● WORK ITEM:
With the pictures removed, please write out every line below exactly as given.

Segment Open

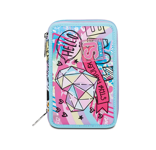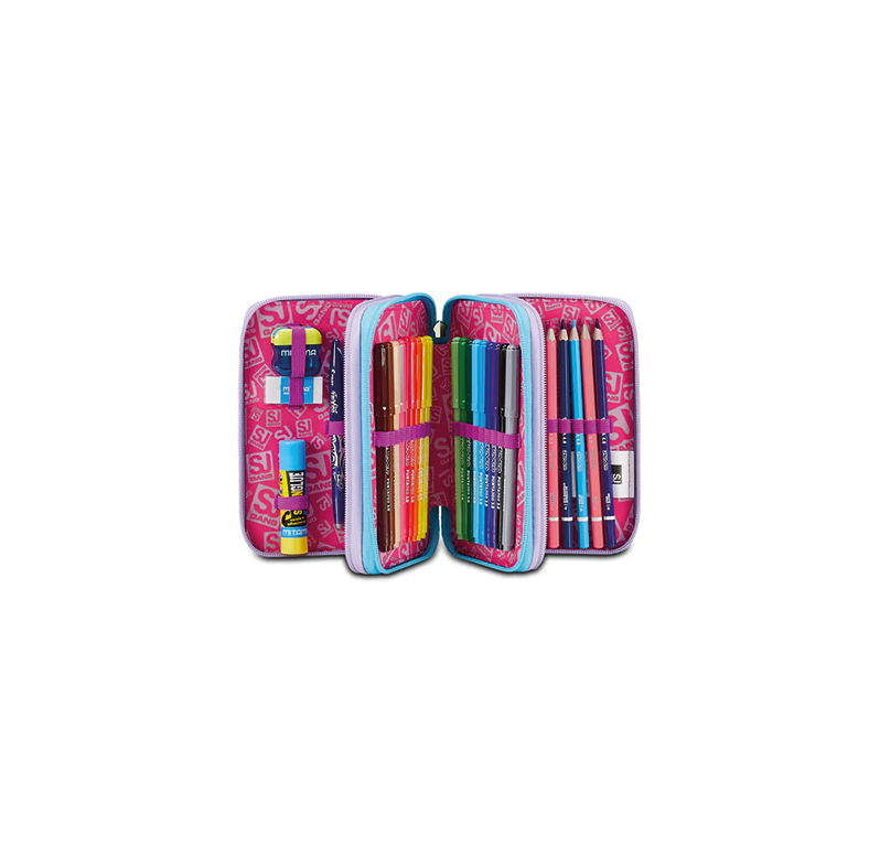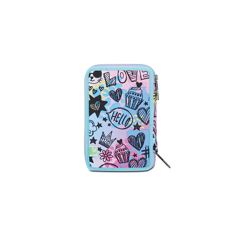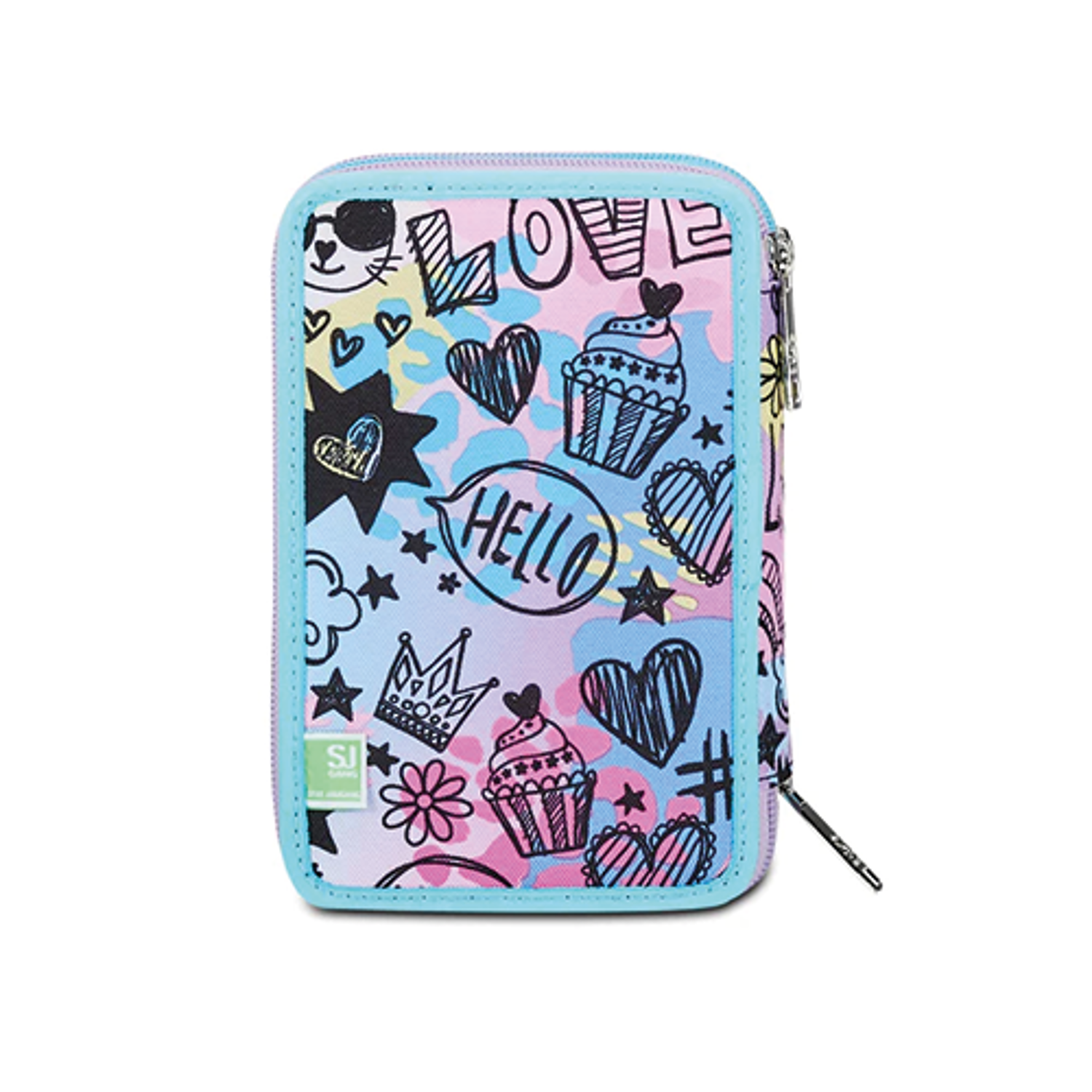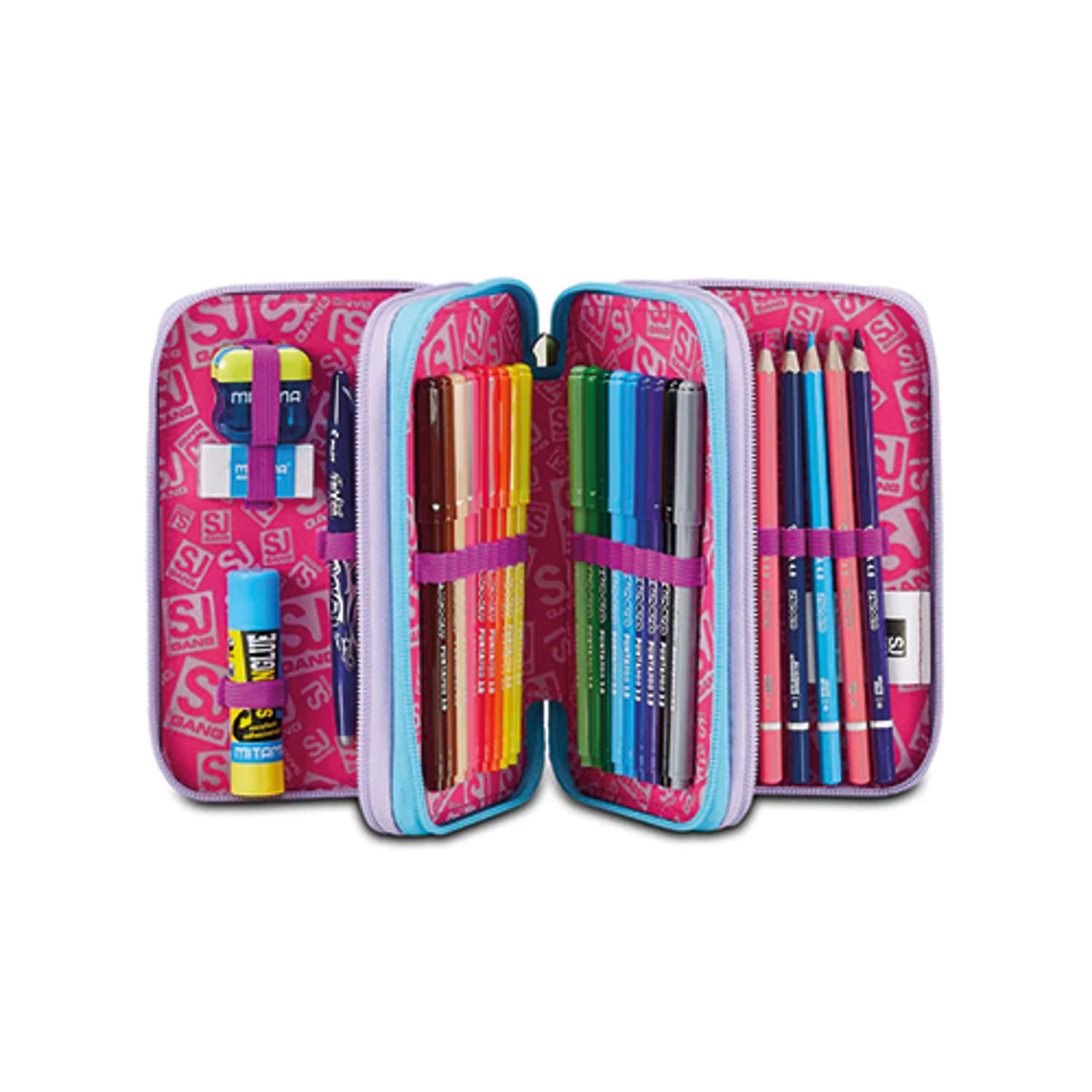 Ciao! Sono il coloratissimo Astuccio 3 zip SJ Gang. Dotato di 3 scomparti completi di tutto il materiale necessario per fare al meglio i tuoi lavori di scuola, puoi abbinarmi a uno zaino o a un trolley SJ Gang.
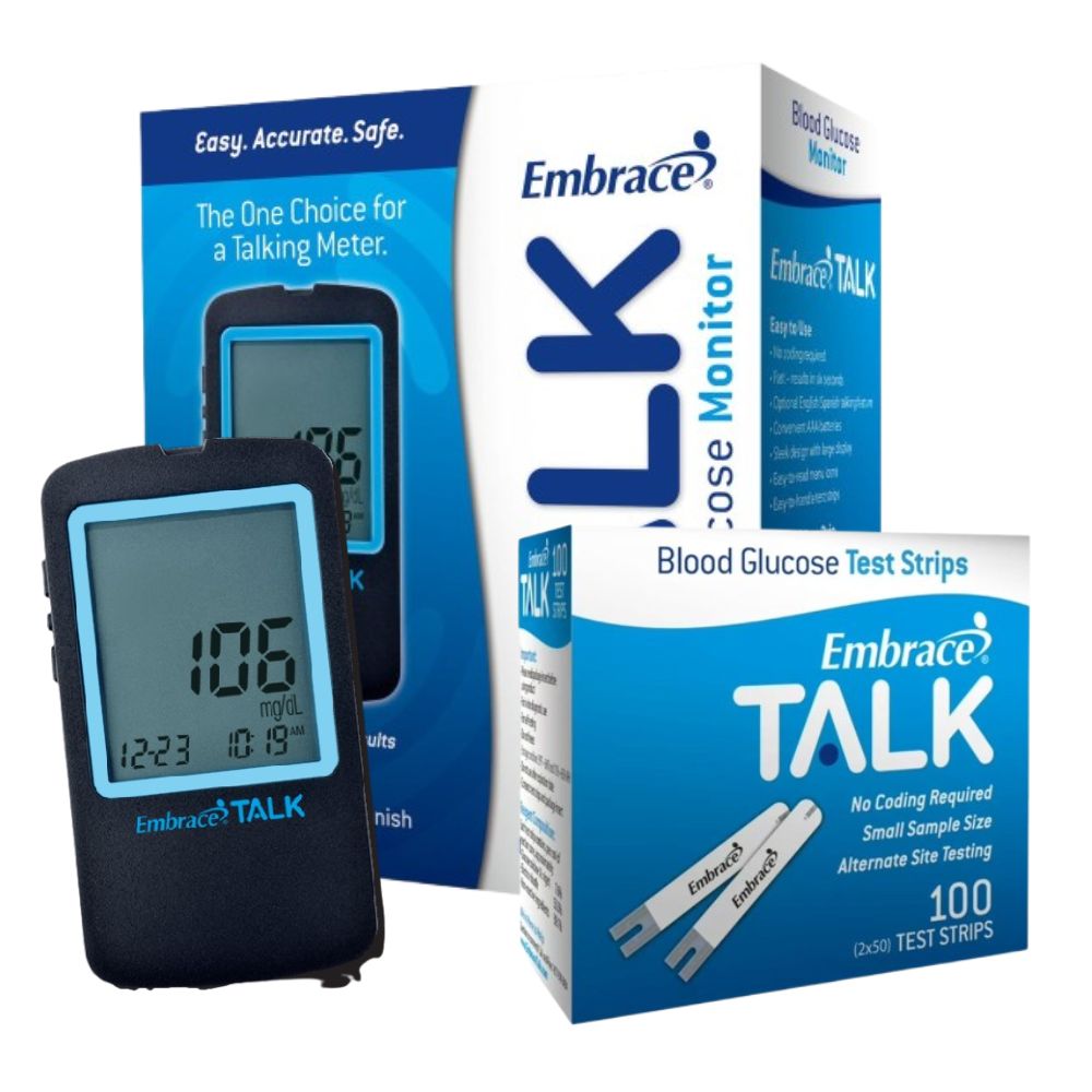 The Omnis Health Embrace Talk Blood Sugar Monitoring Kit is an accessible and reliable choice for individuals seeking a user-friendly glucose monitoring system. Designed with convenience and comfort in mind, the Embrace Talk Meter offers an optional talking feature in English and Spanish—making it especially helpful for users with visual impairments or those who prefer audio guidance.
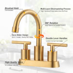 4 in. Centerset Modern Double-Handle Bathroom Sink Faucet, Basin Faucet with Pop-Up Drain in Brushed Gold
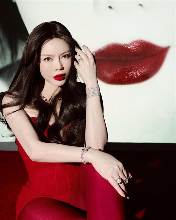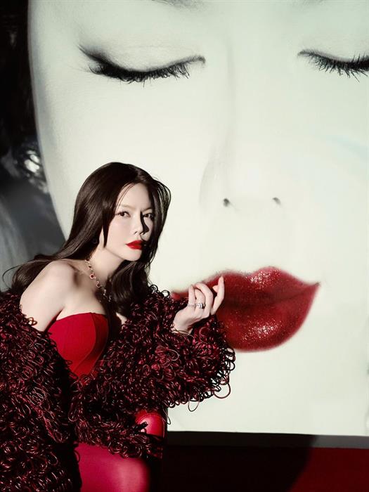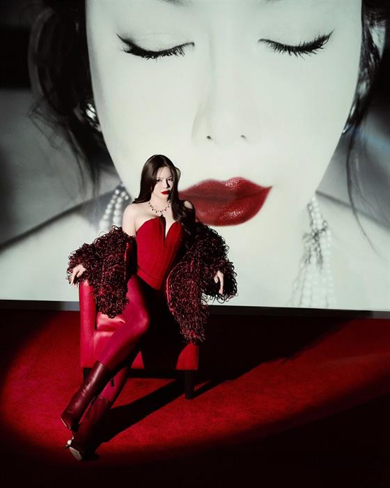Trong một set đồ khác màu đỏ rực, Lý Nhã Kỳ khoe dáng nóng bỏng với phông nền lớn sau lưng là khuôn mặt và đôi môi đỏ thẫm của chính mình. Phông nền độc lạ này đã giúp cho bộ ảnh thêm phần cuốn hút, khán giả cũng có thể xem cận đôi môi trái tim đầy đặn quyến rũ và gương mặt trái xoan mịn màng của người đẹp.
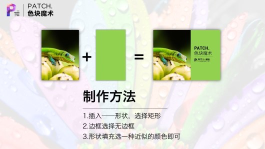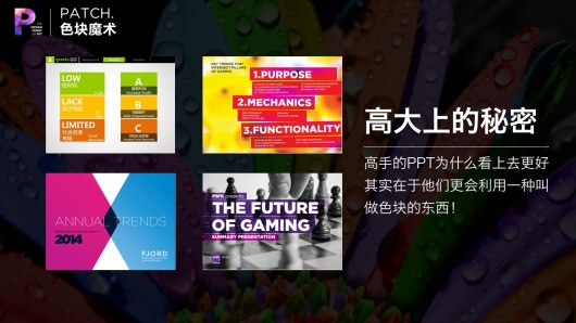没错,本教程将揭秘高端PPT中必备的元素——色块。
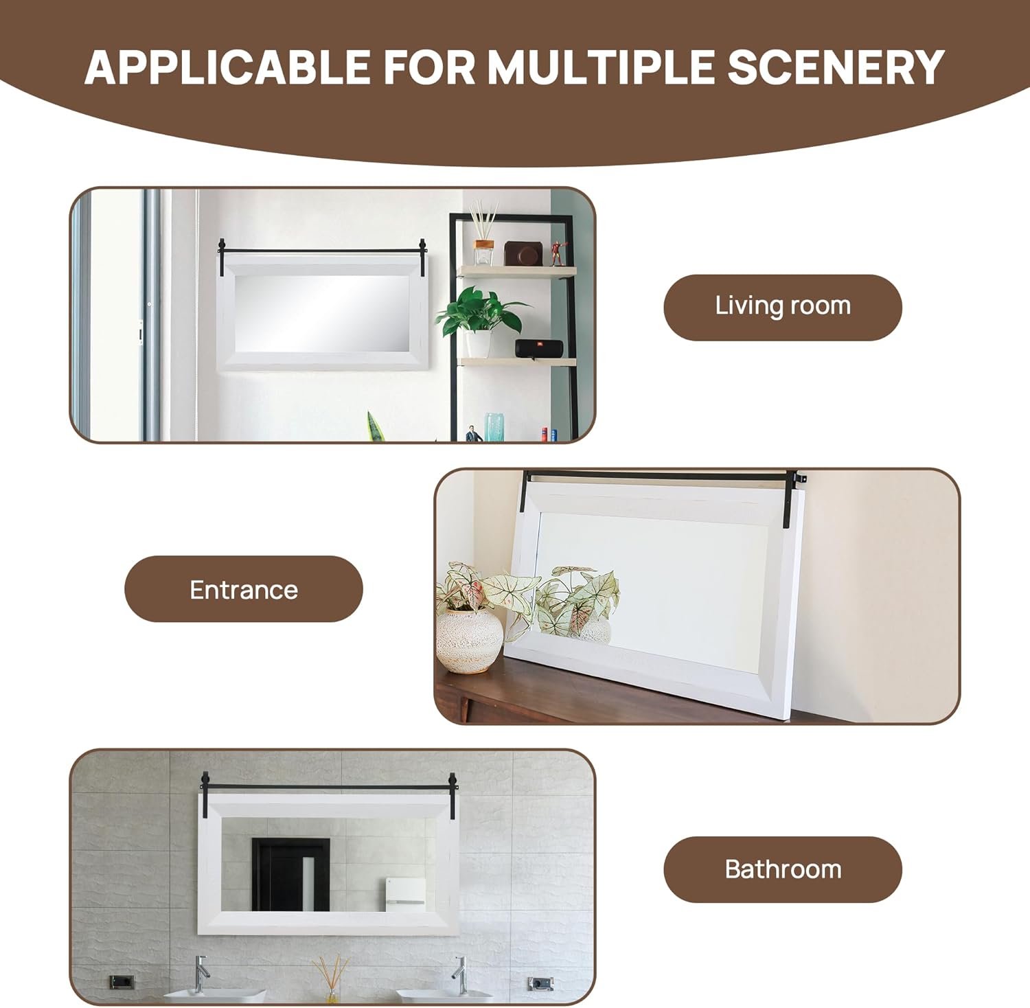 - ćPremium Solid Wood FramećThe frame of the farmhouse mirror is made of premium fir wood with oil-based paint to prevent scratches and ensure durability and resistance to moisture. The solid wood frame gives the rustic mirror a sturdy and authentic look, adding a touch of farmhouse appeal to the bathroom, living room, powder room, entryway, hallways, bedroom, dressing room, garden, courtyard, etc.
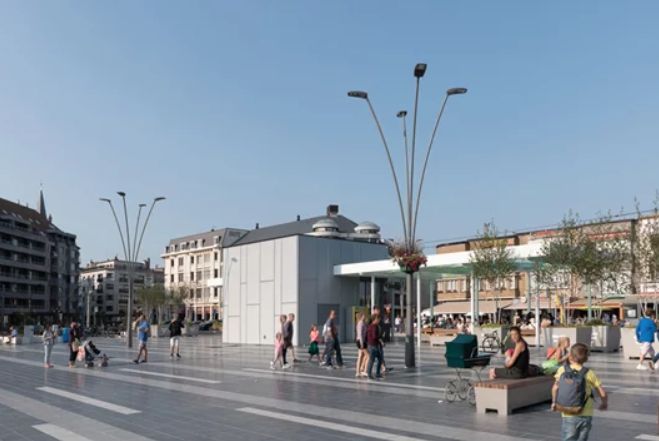 De stad koos om een open plein aan te leggen met genoeg ruimte voor de horeca. Het modulaire ontwerp met verplaatsbare beplanting en straatmeubels laat toe om het plein gemakkelijk om te vormen. In de zomer wordt het voor evenementen gebruikt, in de winter is het een plek om rustig te ontspannen.
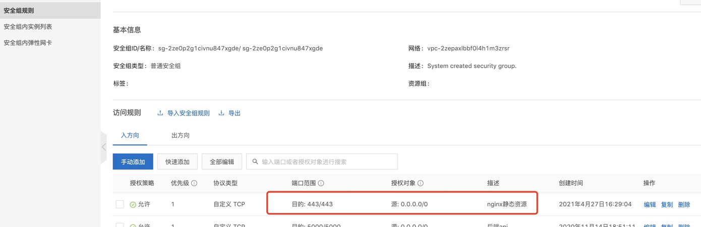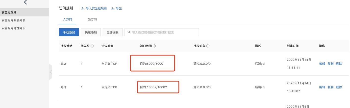 - 首先要在阿里云安群组规则 (opens new window)中添加后端api请求的端口号:
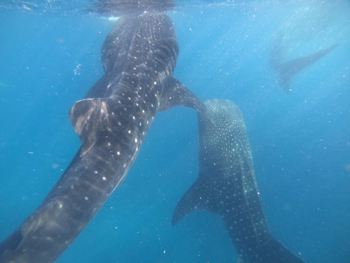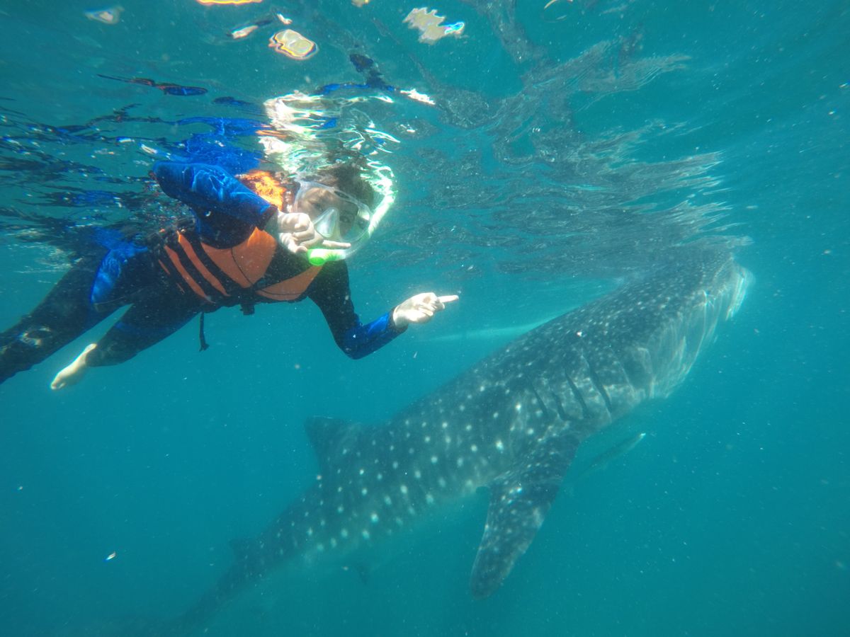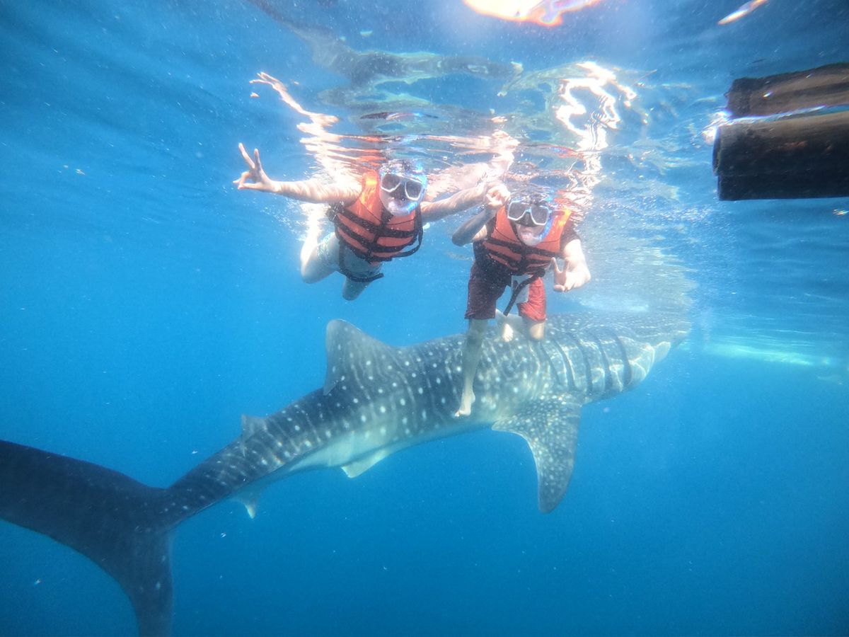 海洋生物が好きな娘のたっての願いで、ジンベイザメツアーに申し込みました。当日は、3時集合ということで眠い目をこすり出発しましたが、結局車の中で爆睡。なので到着後は元気いっぱいでした!受理番号を取り、説明を聞いたら、さあボートに!ということで、結構忙しく乗り込みました。すこし行ったところで海にざぶん!ボートから離れてはいけないという制限はありましたが、次から次へとジンベイザメがやってきて、瞳やエラまでくっきり見ることが出来ました。なによりガイドのソロムさんが親切でとてもいい人!何から何まで面倒をみてくれ、彼のおかげで安心でき、楽しいひとときとなりました!帰りはアヤラで降ろしてもらい、帰りのタクシーのことまで親切に教えてくださいました。感謝です!

Segment Closed

● SOLVED EXERCISE:
 Ciao! Sono il coloratissimo Astuccio 3 zip SJ Gang. Dotato di 3 scomparti completi di tutto il materiale necessario per fare al meglio i tuoi lavori di scuola, puoi abbinarmi a uno zaino o a un trolley SJ Gang.
 The Omnis Health Embrace Talk Blood Sugar Monitoring Kit is an accessible and reliable choice for individuals seeking a user-friendly glucose monitoring system. Designed with convenience and comfort in mind, the Embrace Talk Meter offers an optional talking feature in English and Spanish—making it especially helpful for users with visual impairments or those who prefer audio guidance.
 4 in. Centerset Modern Double-Handle Bathroom Sink Faucet, Basin Faucet with Pop-Up Drain in Brushed Gold
Trong một set đồ khác màu đỏ rực, Lý Nhã Kỳ khoe dáng nóng bỏng với phông nền lớn sau lưng là khuôn mặt và đôi môi đỏ thẫm của chính mình. Phông nền độc lạ này đã giúp cho bộ ảnh thêm phần cuốn hút, khán giả cũng có thể xem cận đôi môi trái tim đầy đặn quyến rũ và gương mặt trái xoan mịn màng của người đẹp.
没错,本教程将揭秘高端PPT中必备的元素——色块。
 - ćPremium Solid Wood FramećThe frame of the farmhouse mirror is made of premium fir wood with oil-based paint to prevent scratches and ensure durability and resistance to moisture. The solid wood frame gives the rustic mirror a sturdy and authentic look, adding a touch of farmhouse appeal to the bathroom, living room, powder room, entryway, hallways, bedroom, dressing room, garden, courtyard, etc.
 De stad koos om een open plein aan te leggen met genoeg ruimte voor de horeca. Het modulaire ontwerp met verplaatsbare beplanting en straatmeubels laat toe om het plein gemakkelijk om te vormen. In de zomer wordt het voor evenementen gebruikt, in de winter is het een plek om rustig te ontspannen.
 - 首先要在阿里云安群组规则 (opens new window)中添加后端api请求的端口号:
 海洋生物が好きな娘のたっての願いで、ジンベイザメツアーに申し込みました。当日は、3時集合ということで眠い目をこすり出発しましたが、結局車の中で爆睡。なので到着後は元気いっぱいでした!受理番号を取り、説明を聞いたら、さあボートに!ということで、結構忙しく乗り込みました。すこし行ったところで海にざぶん!ボートから離れてはいけないという制限はありましたが、次から次へとジンベイザメがやってきて、瞳やエラまでくっきり見ることが出来ました。なによりガイドのソロムさんが親切でとてもいい人!何から何まで面倒をみてくれ、彼のおかげで安心でき、楽しいひとときとなりました!帰りはアヤラで降ろしてもらい、帰りのタクシーのことまで親切に教えてくださいました。感謝です!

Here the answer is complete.